- Brief: Between the line containing "Los agentes que" and the line containing "鳩がいっぱいなお寺です。" lies a run of lines; give that run again exactly, with both of those lines, and nothing else from the entries below.

- Supplied entries:
● ● ● ●
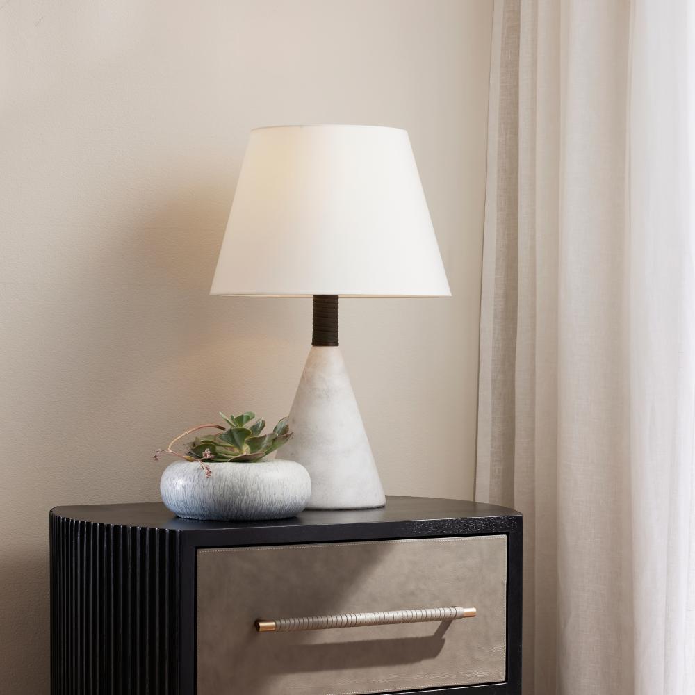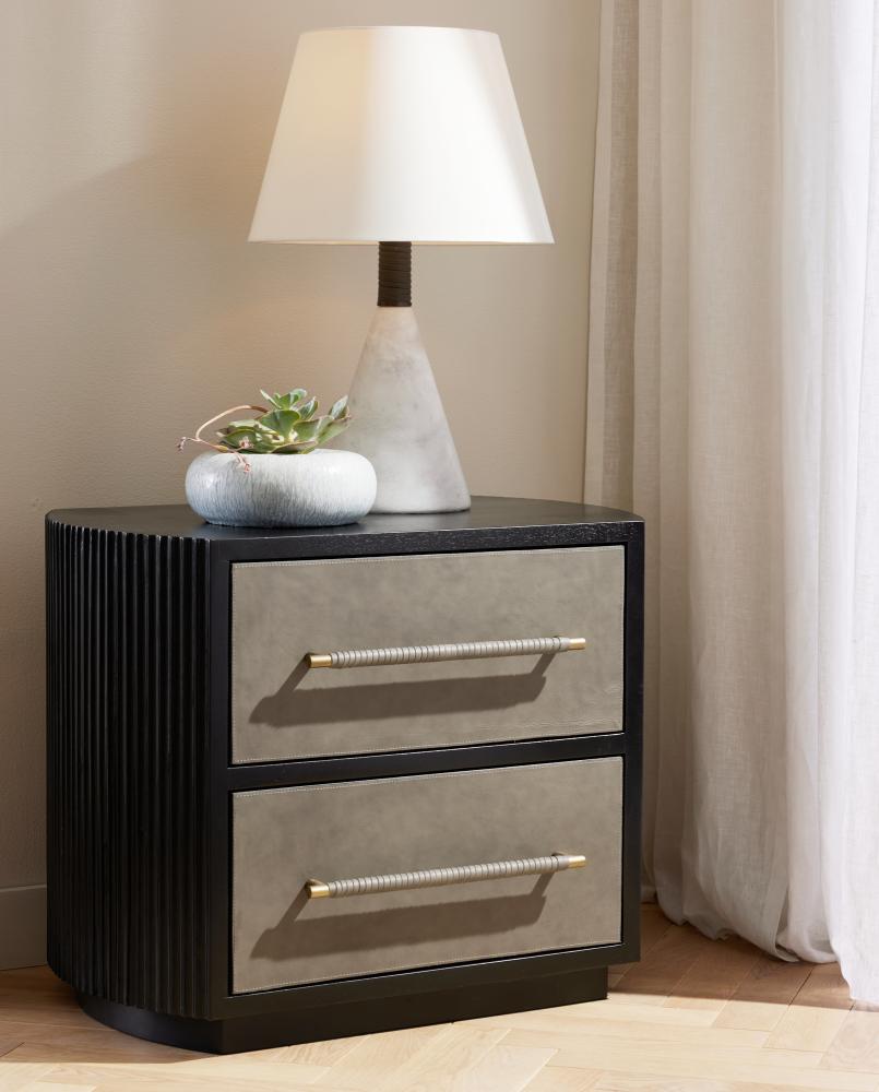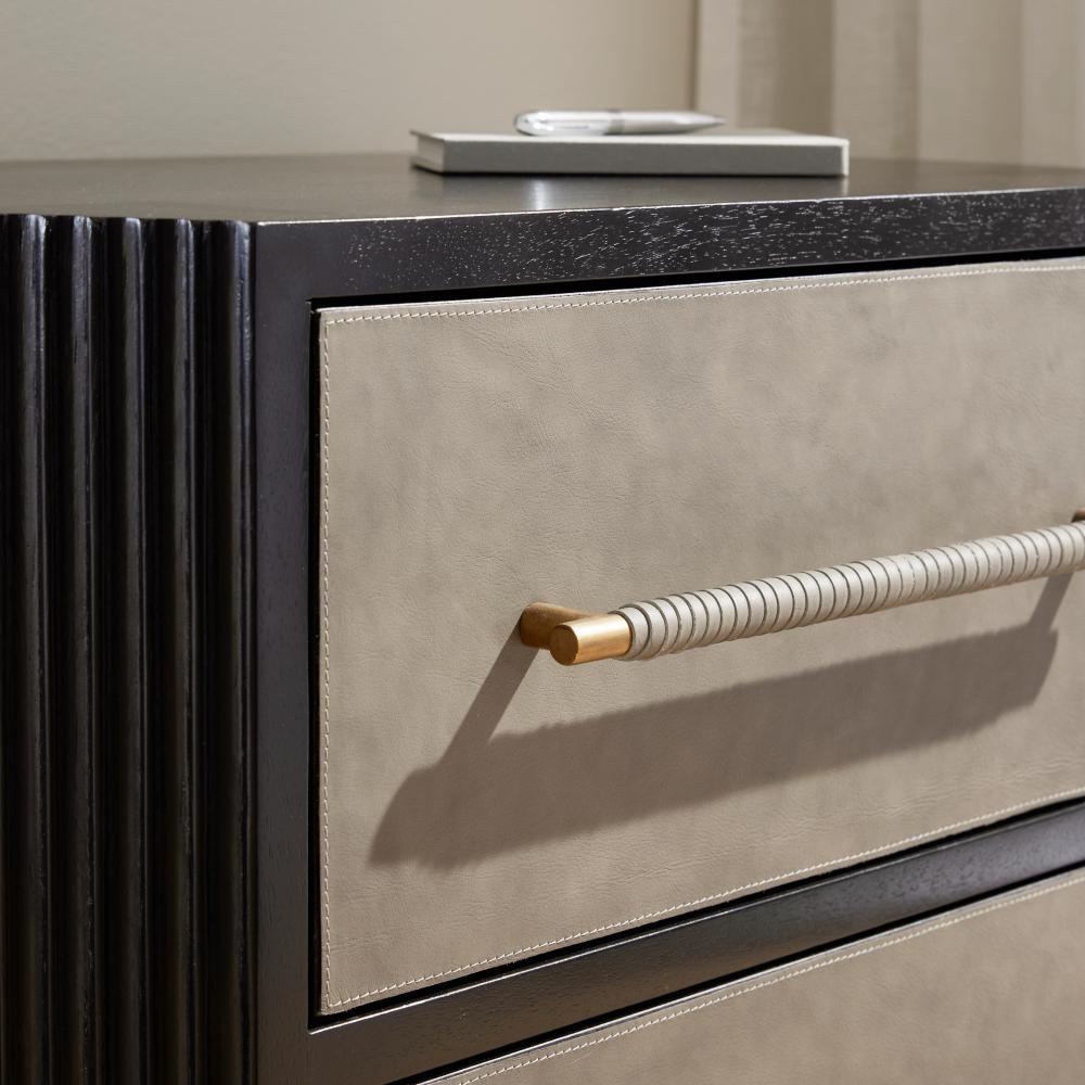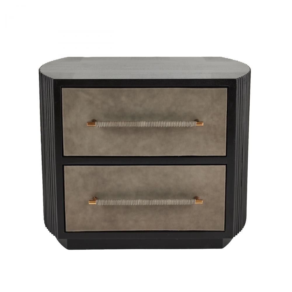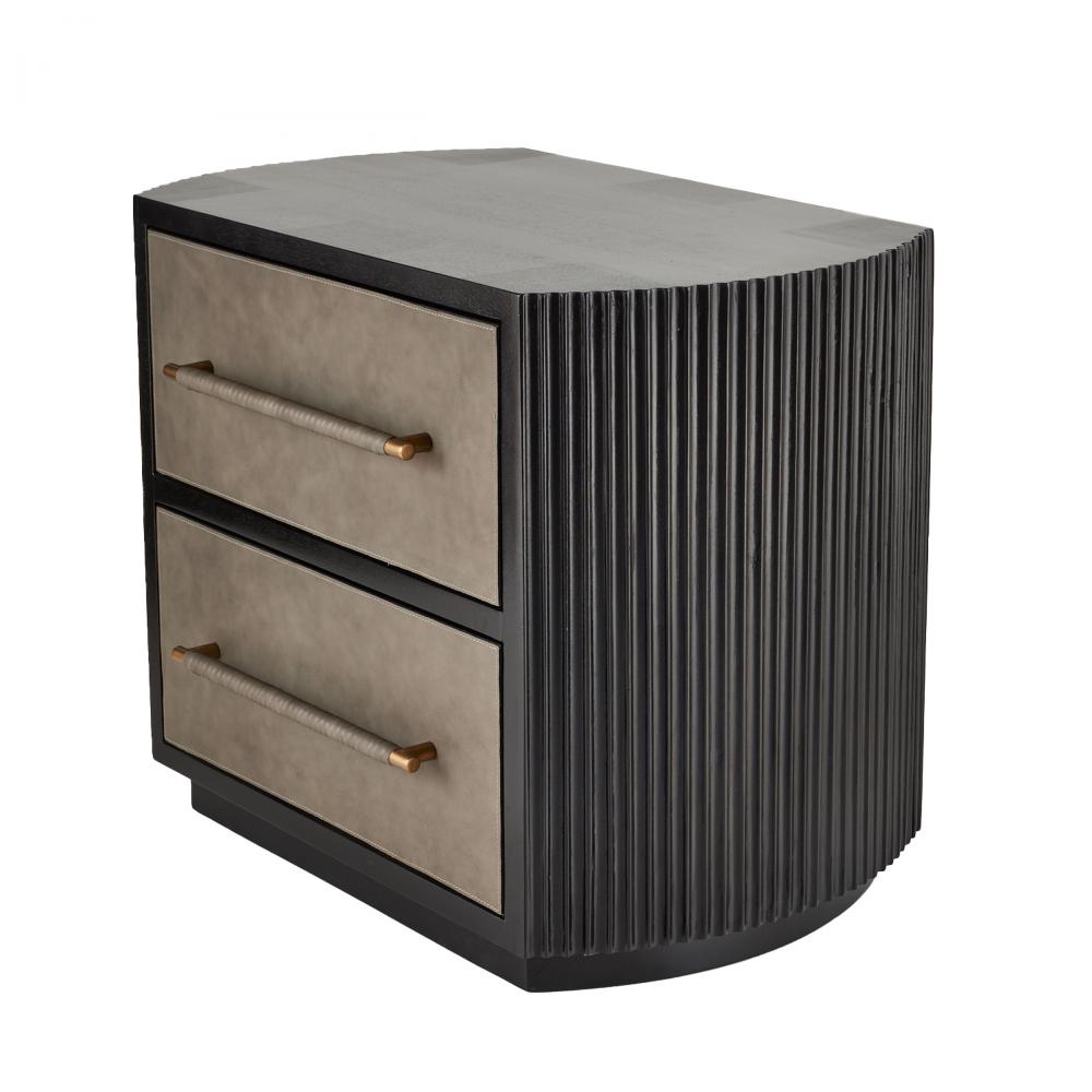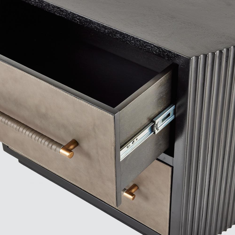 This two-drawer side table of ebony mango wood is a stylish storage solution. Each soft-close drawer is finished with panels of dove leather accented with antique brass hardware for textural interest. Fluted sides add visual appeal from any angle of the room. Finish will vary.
● ● ● ●
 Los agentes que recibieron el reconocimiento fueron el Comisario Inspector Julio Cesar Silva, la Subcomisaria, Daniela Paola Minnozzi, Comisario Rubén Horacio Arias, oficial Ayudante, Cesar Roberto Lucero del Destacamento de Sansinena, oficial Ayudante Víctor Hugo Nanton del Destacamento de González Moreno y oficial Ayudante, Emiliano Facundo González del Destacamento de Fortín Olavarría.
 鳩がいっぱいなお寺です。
● ● ● ●
- Your response:
 Los agentes que recibieron el reconocimiento fueron el Comisario Inspector Julio Cesar Silva, la Subcomisaria, Daniela Paola Minnozzi, Comisario Rubén Horacio Arias, oficial Ayudante, Cesar Roberto Lucero del Destacamento de Sansinena, oficial Ayudante Víctor Hugo Nanton del Destacamento de González Moreno y oficial Ayudante, Emiliano Facundo González del Destacamento de Fortín Olavarría.
 鳩がいっぱいなお寺です。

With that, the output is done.